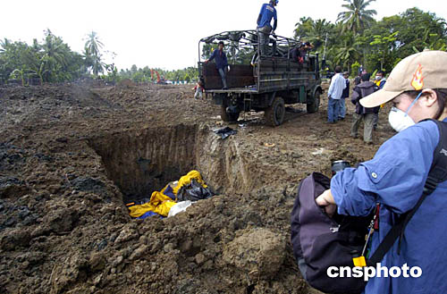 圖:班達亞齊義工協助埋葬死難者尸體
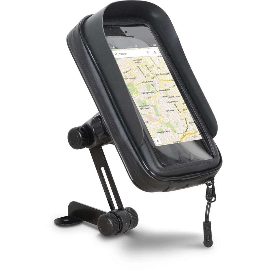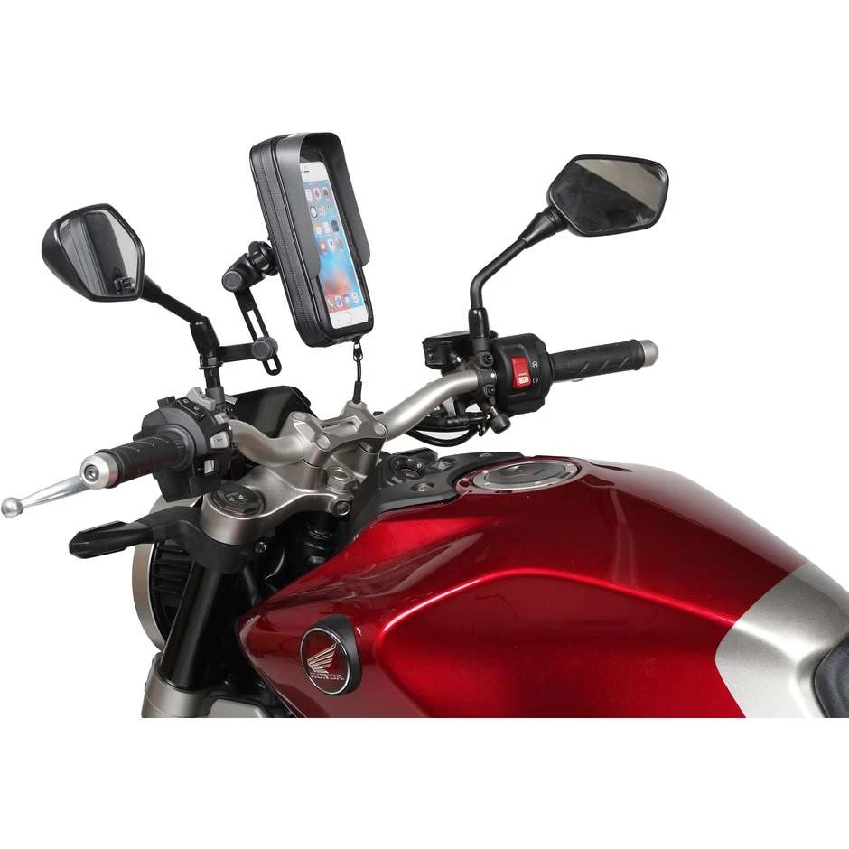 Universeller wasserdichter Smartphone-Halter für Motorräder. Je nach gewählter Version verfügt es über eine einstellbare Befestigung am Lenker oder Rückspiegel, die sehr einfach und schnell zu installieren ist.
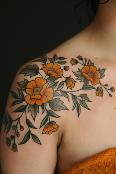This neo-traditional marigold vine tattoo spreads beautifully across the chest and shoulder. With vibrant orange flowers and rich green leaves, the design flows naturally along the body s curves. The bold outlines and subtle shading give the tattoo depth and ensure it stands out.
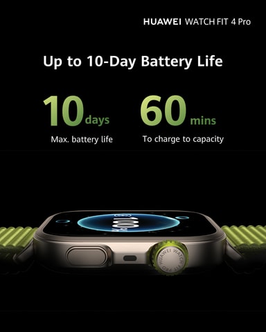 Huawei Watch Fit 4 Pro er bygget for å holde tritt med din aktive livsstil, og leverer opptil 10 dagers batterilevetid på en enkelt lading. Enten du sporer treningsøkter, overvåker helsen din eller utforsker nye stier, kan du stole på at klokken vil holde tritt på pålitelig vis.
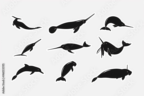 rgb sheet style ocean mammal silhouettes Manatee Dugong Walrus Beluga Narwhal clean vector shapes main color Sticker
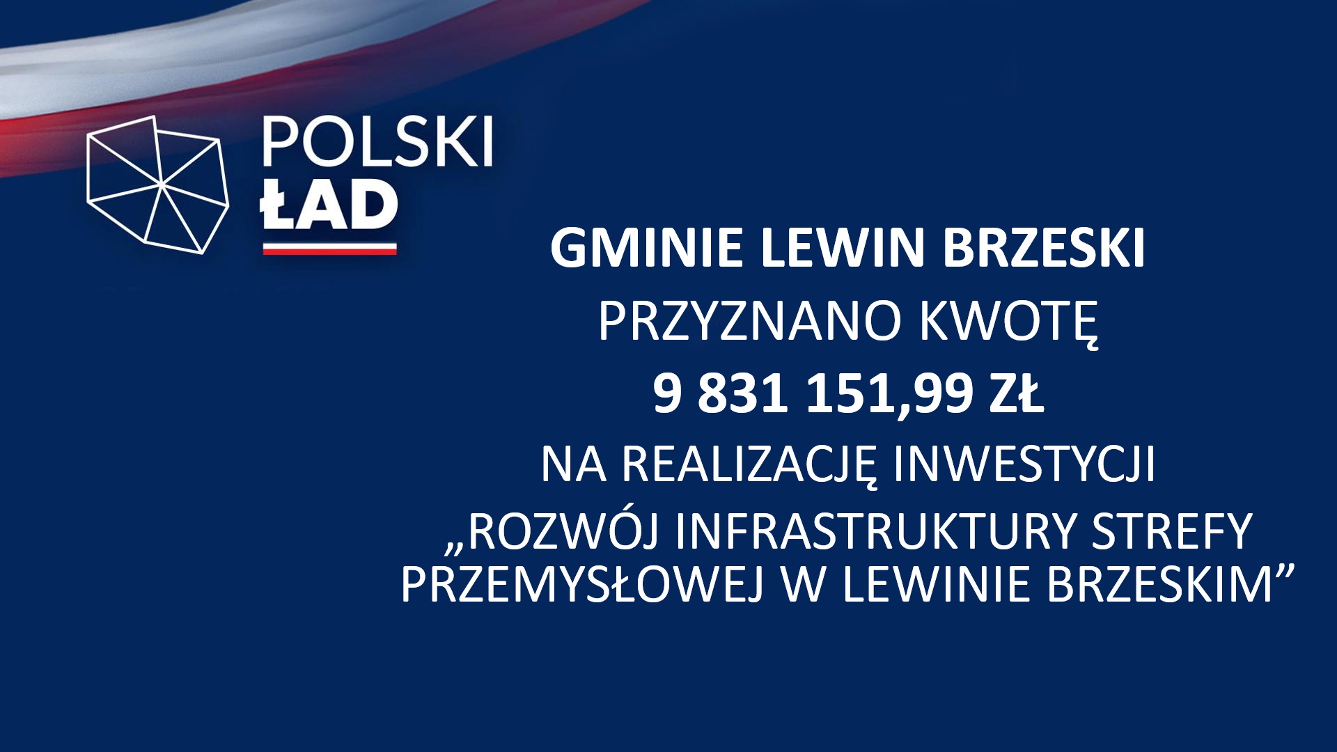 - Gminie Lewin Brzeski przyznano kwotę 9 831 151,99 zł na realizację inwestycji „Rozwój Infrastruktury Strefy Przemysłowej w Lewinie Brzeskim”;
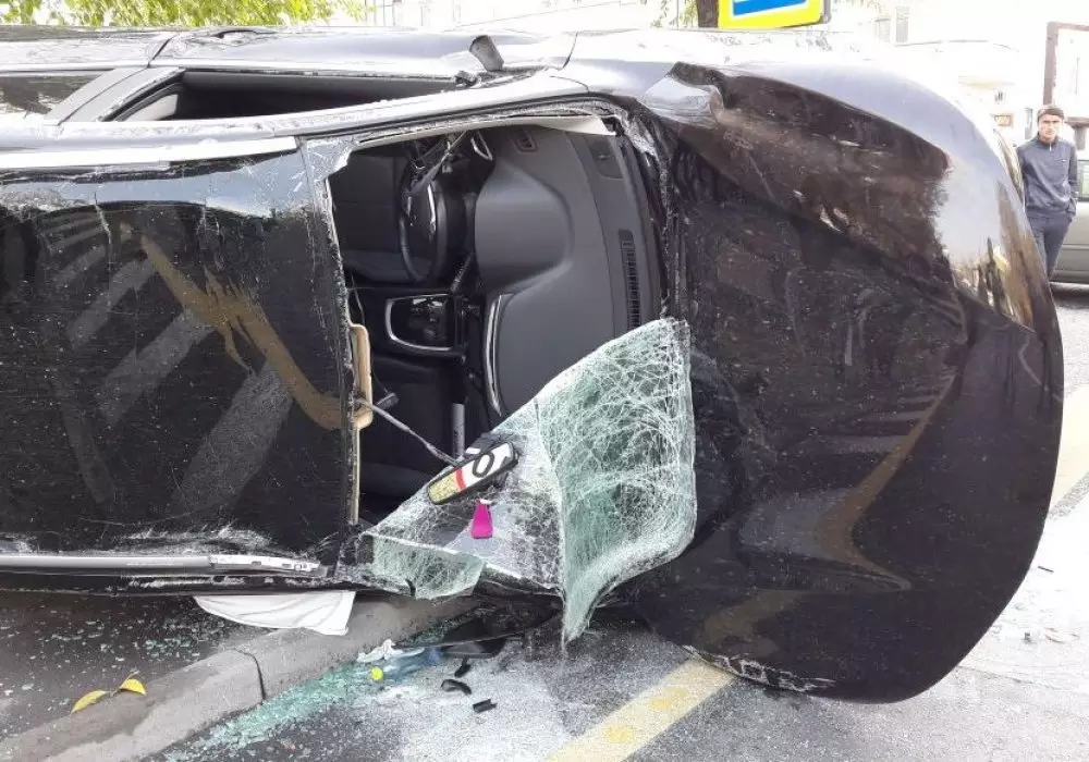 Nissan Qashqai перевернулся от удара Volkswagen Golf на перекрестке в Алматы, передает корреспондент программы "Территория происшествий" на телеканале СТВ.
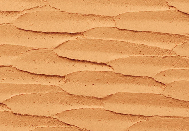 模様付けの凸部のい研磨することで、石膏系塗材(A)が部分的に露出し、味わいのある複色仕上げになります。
———
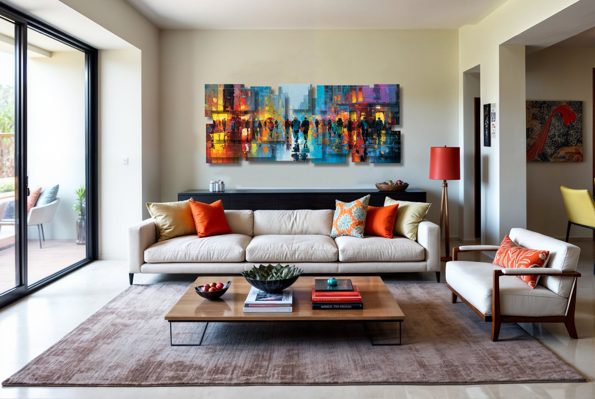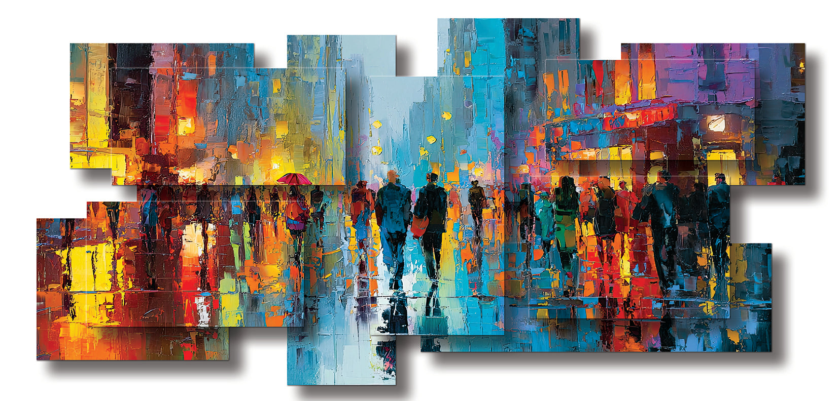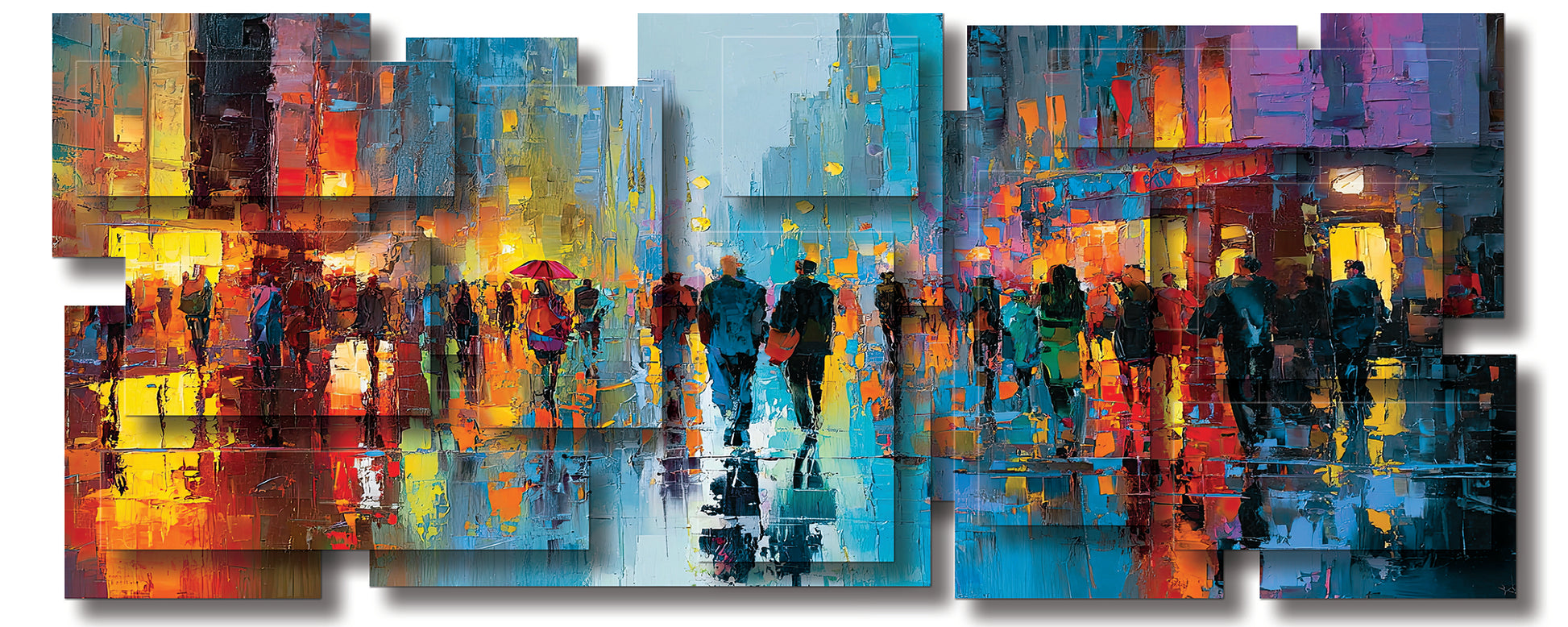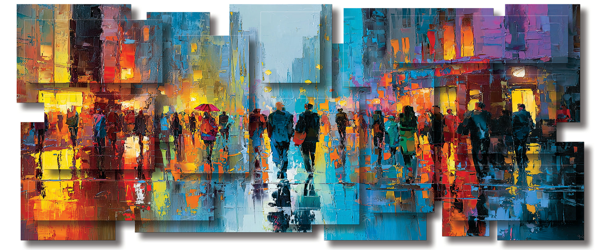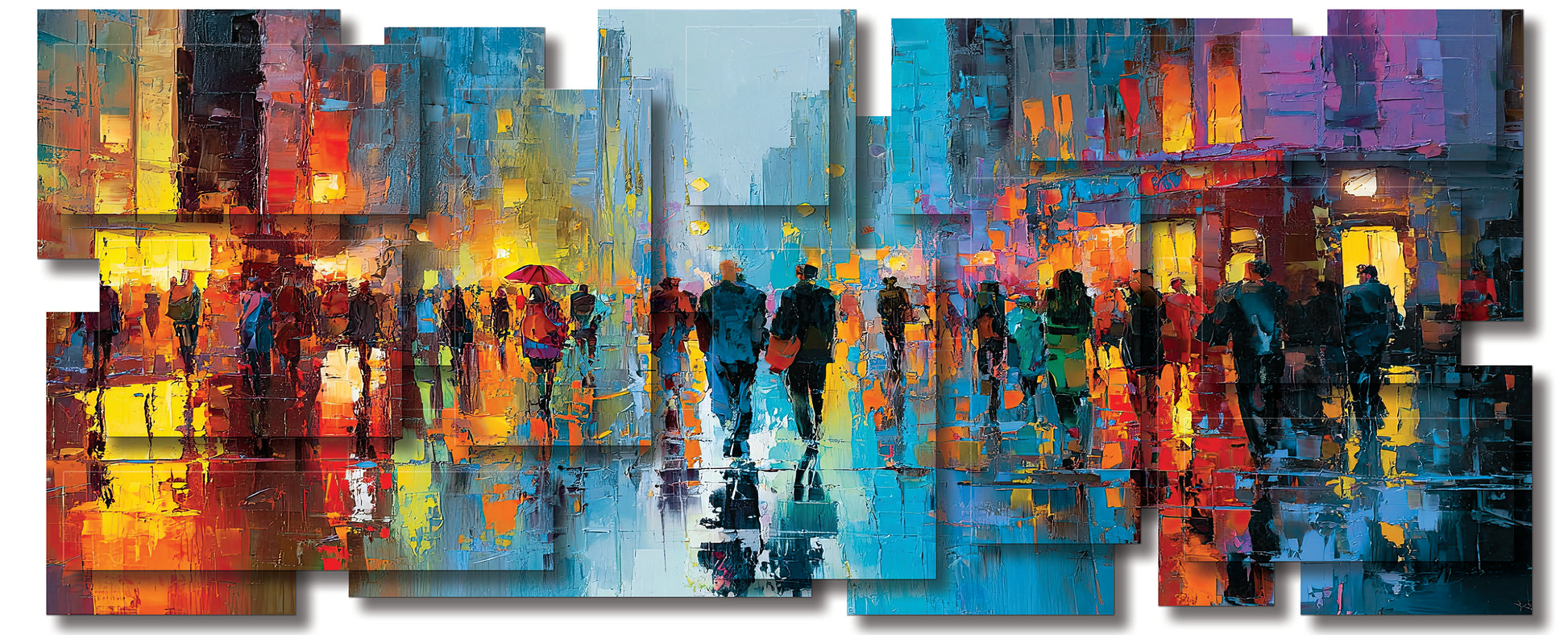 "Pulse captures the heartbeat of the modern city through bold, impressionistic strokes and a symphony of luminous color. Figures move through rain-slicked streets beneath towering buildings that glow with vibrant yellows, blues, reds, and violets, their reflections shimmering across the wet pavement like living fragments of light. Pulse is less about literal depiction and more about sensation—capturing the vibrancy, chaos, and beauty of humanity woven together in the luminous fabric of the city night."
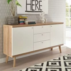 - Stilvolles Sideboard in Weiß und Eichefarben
———
What the exercise asks - Reproduce the records above exactly, but only from the line with "圖:班達亞齊義工協助埋葬死難者尸體" up to and including the line with "This neo-traditional marigold". Leave the pictures out.

Answer space -
 圖:班達亞齊義工協助埋葬死難者尸體
 Universeller wasserdichter Smartphone-Halter für Motorräder. Je nach gewählter Version verfügt es über eine einstellbare Befestigung am Lenker oder Rückspiegel, die sehr einfach und schnell zu installieren ist.
This neo-traditional marigold vine tattoo spreads beautifully across the chest and shoulder. With vibrant orange flowers and rich green leaves, the design flows naturally along the body s curves. The bold outlines and subtle shading give the tattoo depth and ensure it stands out.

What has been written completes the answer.